Per sette degli approcci del team attaccante, ClearView ha creato patch che hanno corretto gli errori sottostanti. In tutti i casi, ha scartato le correzioni che hanno avuto effetti collaterali negativi. In media, ClearView ha fornito una patch di successo entro circa cinque minuti dalla sua prima esposizione a un attacco.



Ciò che questa ricerca ci porta a credere è che il software non è di per sé intrinsecamente fragile e fragile a causa di errori, afferma Rinard. È fragile e fragile perché le persone hanno paura di lasciare che il software continui se pensano che ci sia qualcosa di sbagliato in esso. Alcuni approcci di ingegneria del software, come l'elaborazione ignara dei guasti o l'elaborazione accettabile, condividono questa filosofia.

ClearView è davvero un ottimo punto di partenza, afferma Yuanyuan Zhou , professore di informatica presso l'Università della California, San Diego, che si occupa anche di affidabilità del software.

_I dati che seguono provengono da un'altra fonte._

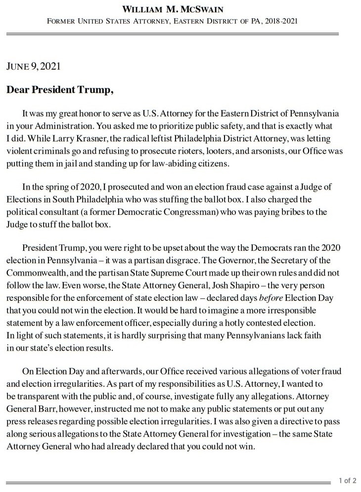 El presidente Trump dio a conocer esta noche la carta que recibió del exfiscal de Estados Unidos para el Distrito Este de Pensilvania, William McSwain. En la carta, McSwain compartió lo siguiente (Traducción):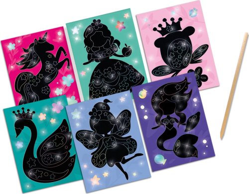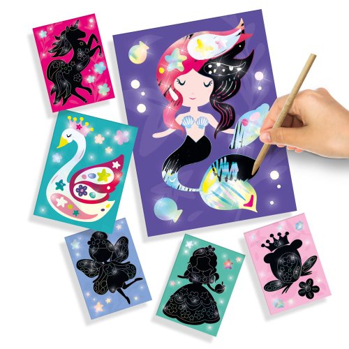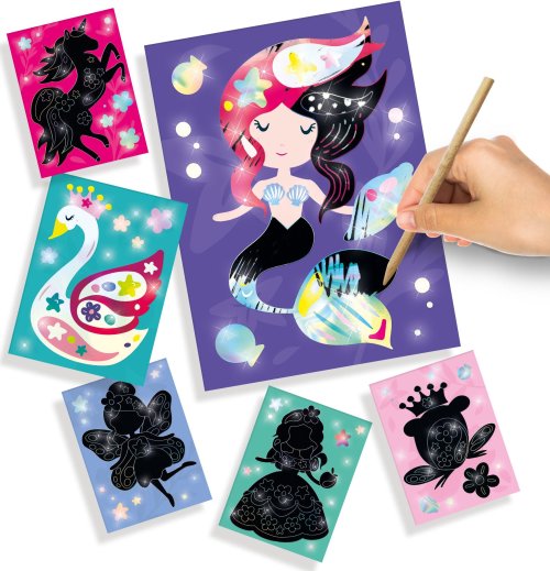 Zábava s farebným koncom! Škrabacie obrázky Ses sú výborným darčekom nielen pre kreatívne deti. Papier je potiahnutý čiernou vrstvou skrývajúcou podklad s holografickým efektom, ktorý z kresby urobí nevšedný pohľad. Postup: Rozprávkové postavičky ukryté pod tmavou stieracou vrstvou majú holografický farebný efekt. Pomocou dreveného vyškrabávacieho pera nakreslite svoje vlastné krásne vzory a nechajte ich ešte viac žiariť! Jednoducho vyškriabte predkreslené časti škrabacím perom a vytvorte obrázok. Fantázii sa medze nekladú, preto je možné vyškriabať aj čierne miesta bez potlače a dodať obrázku osobitý rámček. Obsah balenia: 6 holografických vyškrabávacích kariet, 1 drevené vyškrabávacie pero.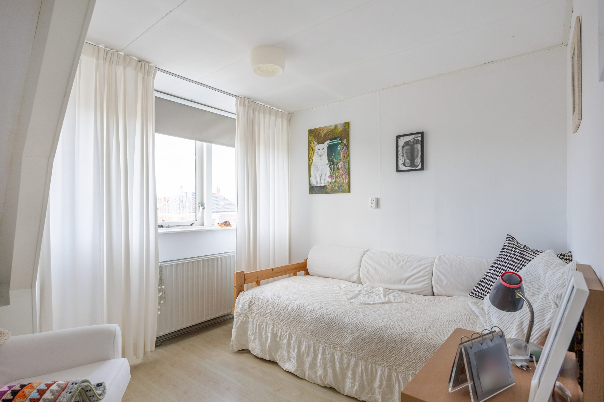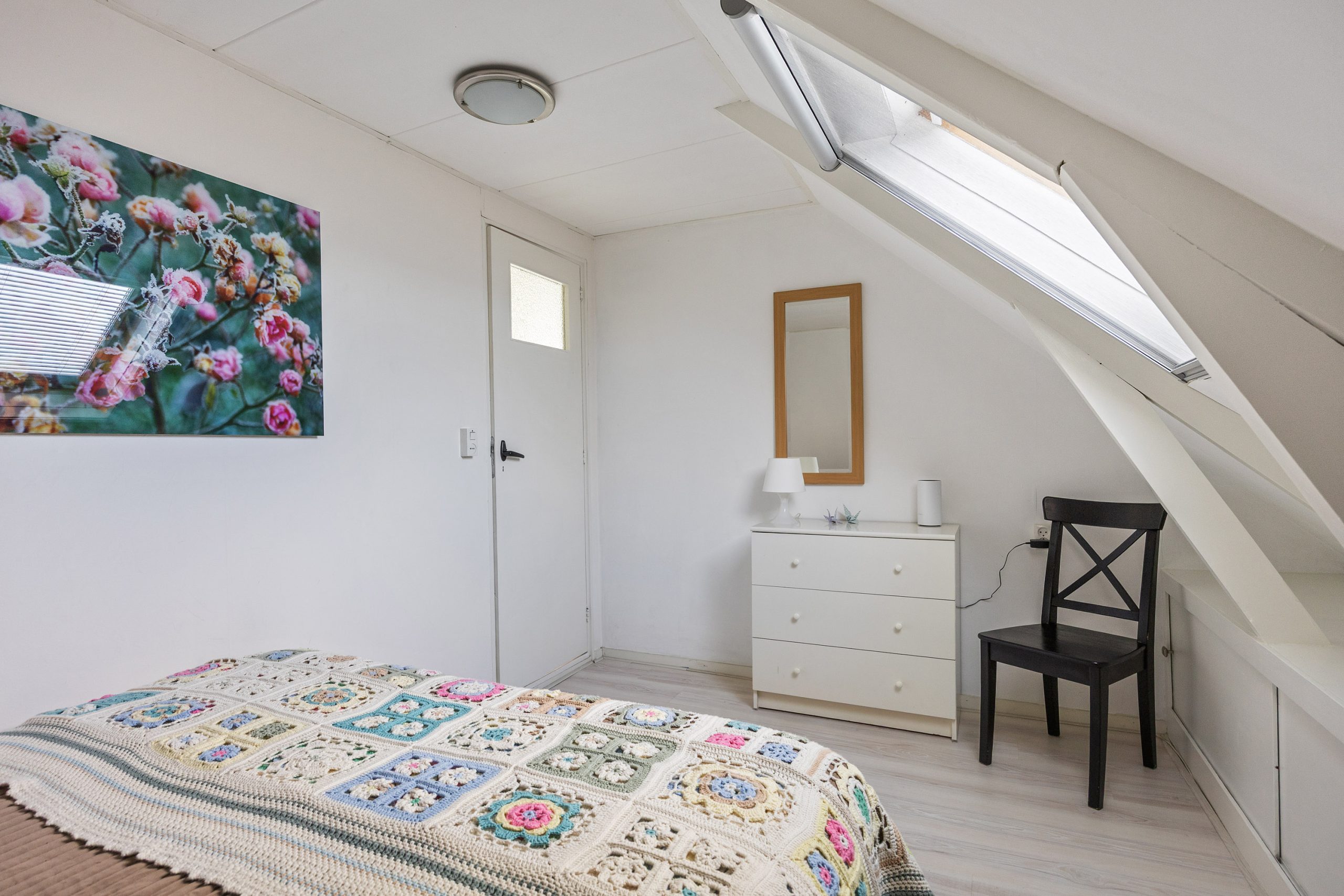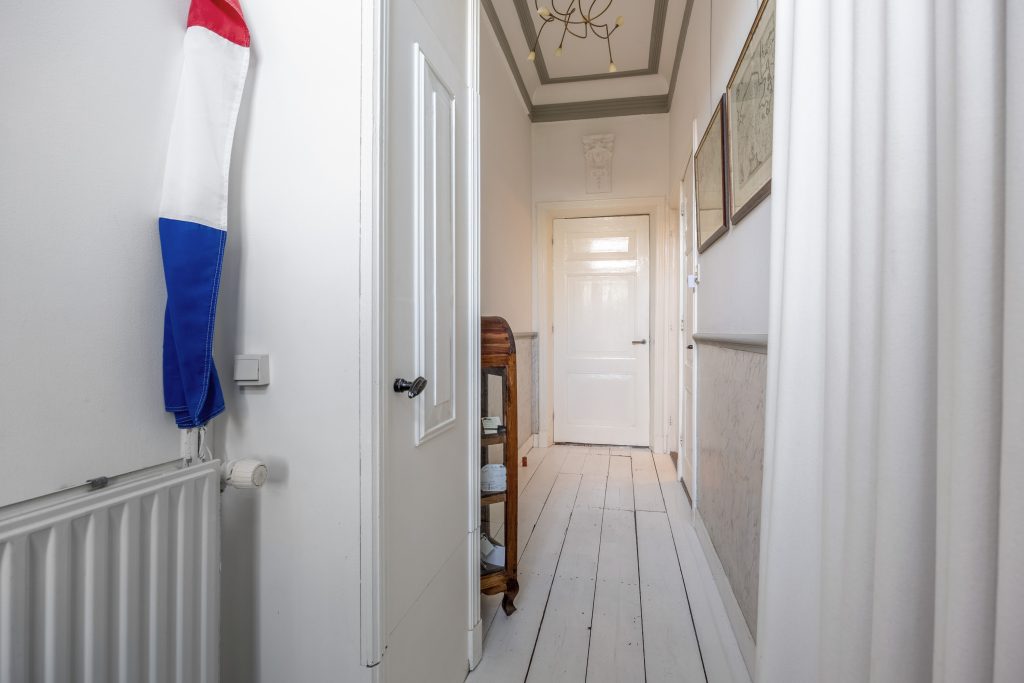 Verdieping: Vanaf de overloop heb je toegang tot de 4 eenvoudig afgetimmerde slaapkamers van resp. 4, 5, 6 en 7m² (gemeten op 1,5m hoogte, i.v.m. de schuine kap). De verdieping is eenvoudig, naar eigen idee en inzicht, opnieuw in te delen. De grote dakkapel aan de achterzijde geeft toegang tot het platte dak.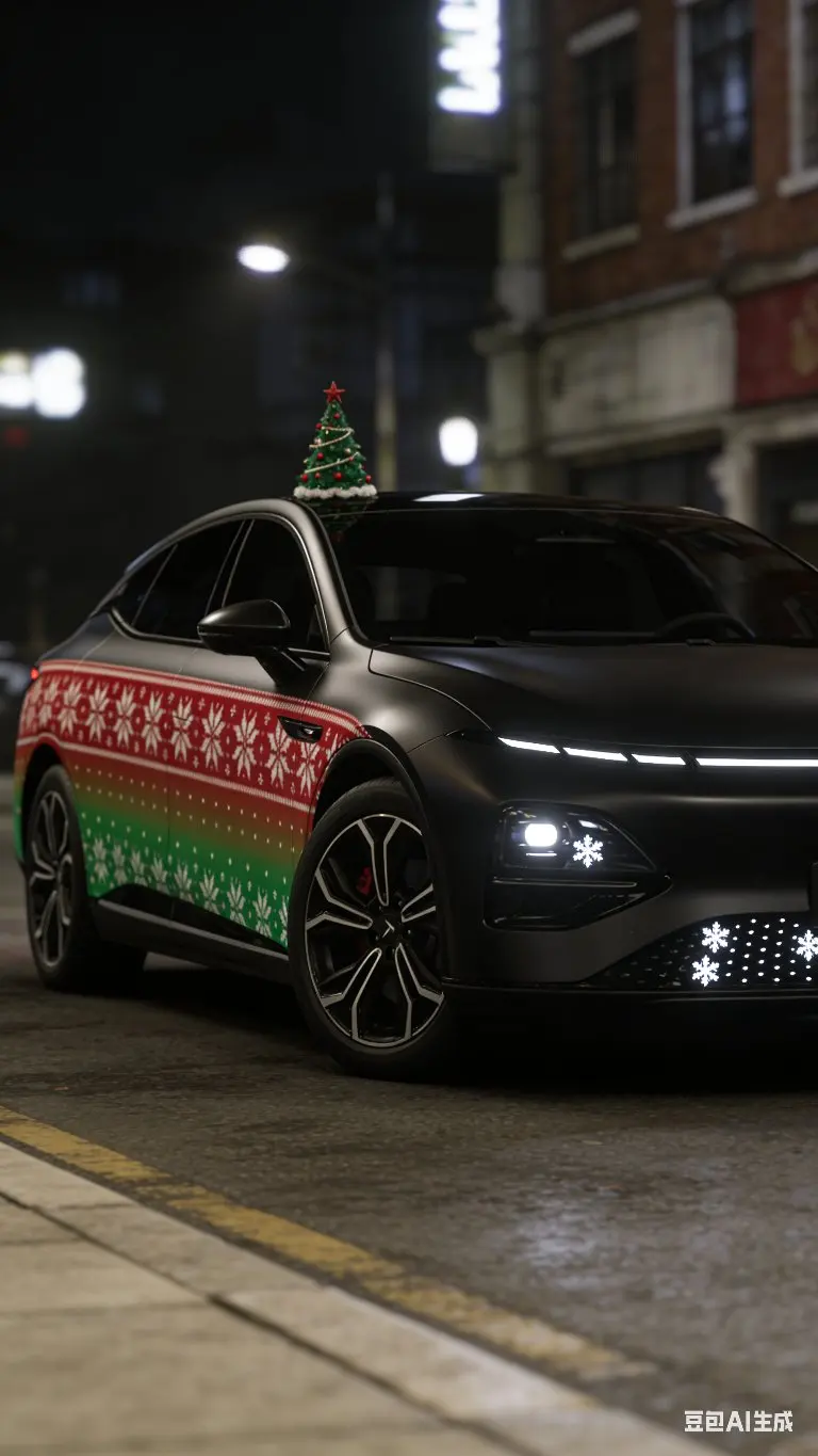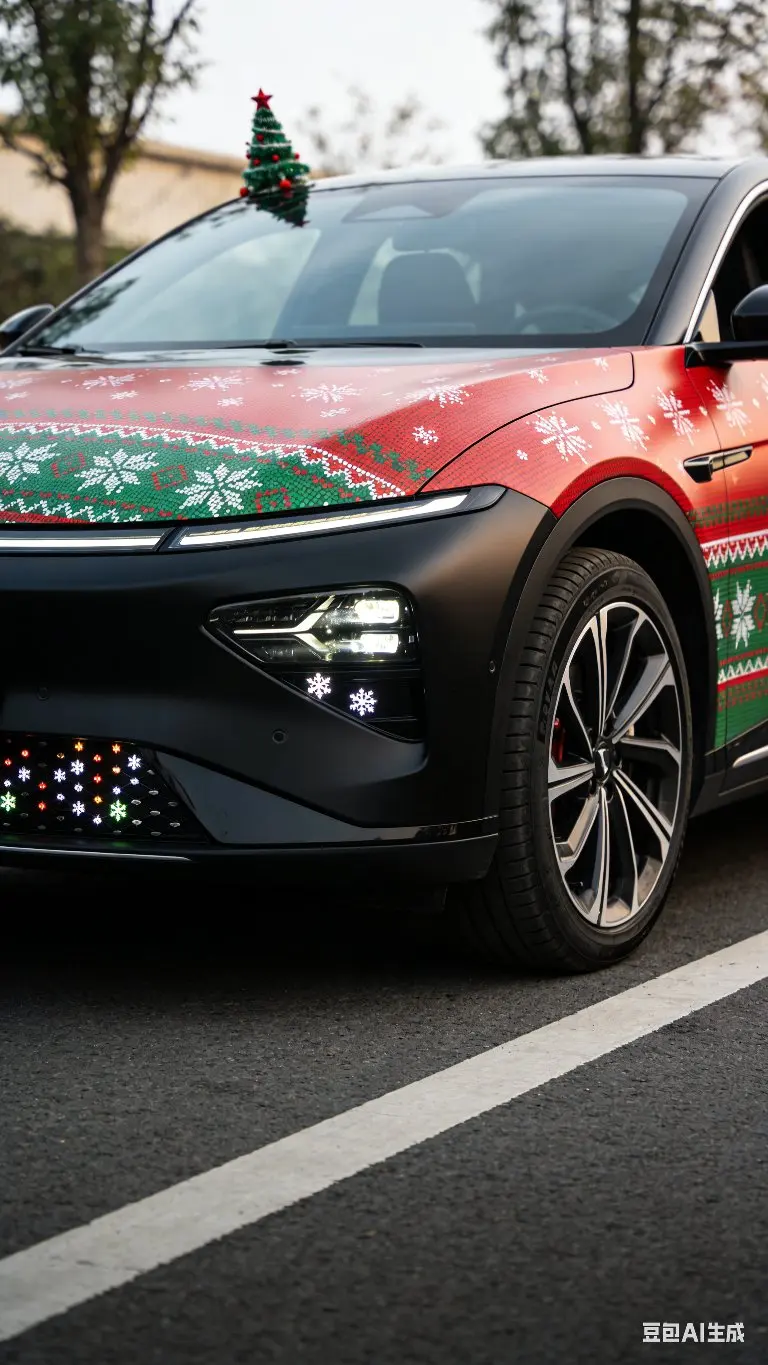 #我的圣诞魔力座驾# 圣诞的快乐,让爱车承包全部仪式感!给车窗贴圣诞贴纸、后视镜挂小铃铛,轻改造就有满满节日氛围;穿上红绿色圣诞战袍,和爱车拍人车CP OOTD超出片;在后备箱拆圣诞礼物,惊喜感拉满;还用小鹏AI涂装给爱车设计了红绿色渐变圣诞皮肤,哑光黑车身配雪花灯效超吸睛,这就是我的圣诞魔力座驾~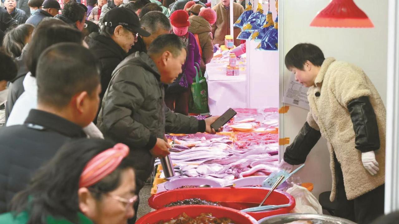 “上午带鱼就卖了200多斤,蟹糊更受欢迎。”老板娘介绍,蟹糊采用传统工艺制作,每年年货展都供不应求。“一瓶25元、两瓶40元,半天卖了200多罐。”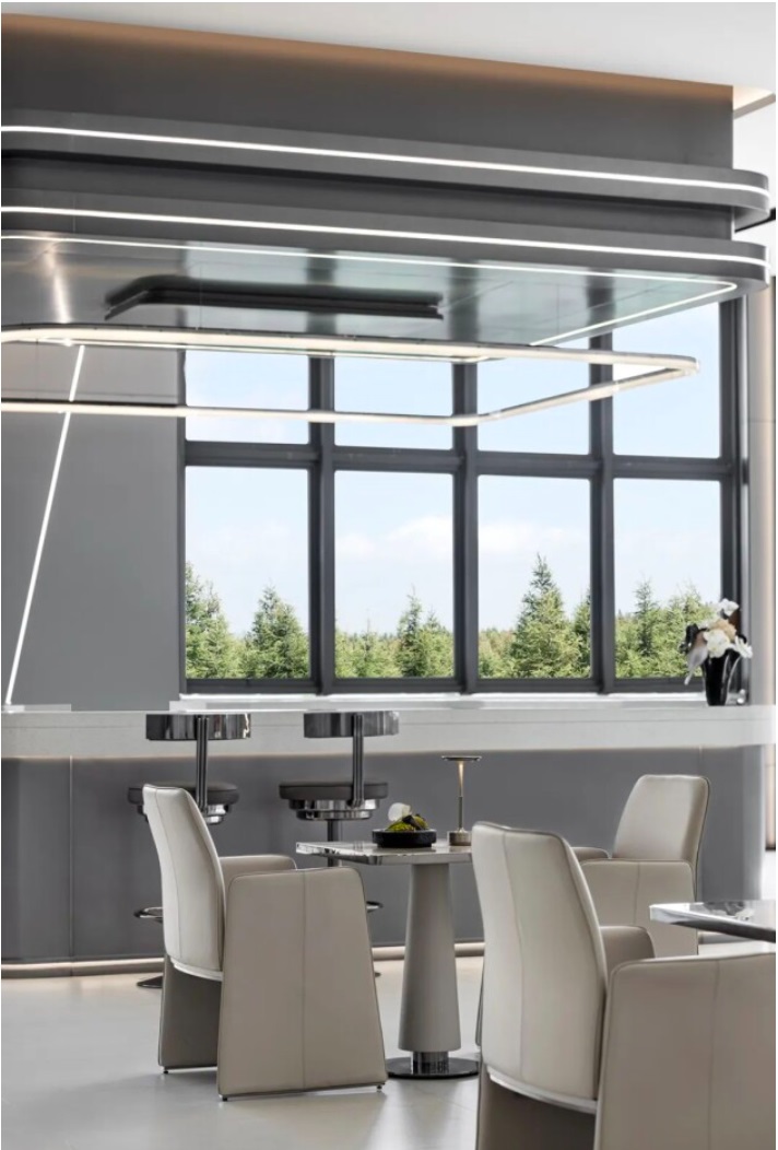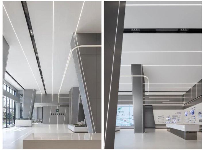 金屬材質(zhì)、鋁板等冷冽的材料成為空間的主調(diào),簡(jiǎn)潔的線條和反射性表面不僅增強(qiáng)了空間的現(xiàn)代感,也為燈光效果提供了完美的載體。線性燈與幾何造型的燈光設(shè)計(jì)交織在空間中,提升了整體科技氛圍的層次感。

Zhou loda il processo di valutazione utilizzato dai ricercatori per il progetto, ma afferma di voler vedere ClearView testato su una più ampia varietà di applicazioni.

Mantenere il sistema in funzione a tutti i costi sembra avere dei meriti, aggiunge David Pearce , docente di informatica presso la Victoria University di Wellington, Nuova Zelanda. Sottolinea che ClearView è progettato per applicare patch ogni volta che rileva che qualcosa è andato storto. Alcuni sistemi sono progettati per spegnersi quando viene rilevato un errore, ma se l'obiettivo di un utente malintenzionato è il sabotaggio, afferma Pearce, questo approccio fa il suo gioco.

Ma l'approccio di ClearView potrebbe causare qualche intoppo per l'utente, aggiunge Pearce. Ad esempio, se un browser Web aveva un bug che lo rendeva incapace di gestire gli URL oltre una certa lunghezza, la patch di ClearView potrebbe proteggere il sistema tagliando le estremità degli URL che erano troppo lunghi, impedendo al programma di fallire, ma anche prevenendo dal lavorare completamente. Tuttavia, tali problemi probabilmente non sarebbero del tutto dannosi. In genere sono solo gli hacker che tentano di sfruttare tali scappatoie, afferma Pearce, e sarebbero loro a soffrirne.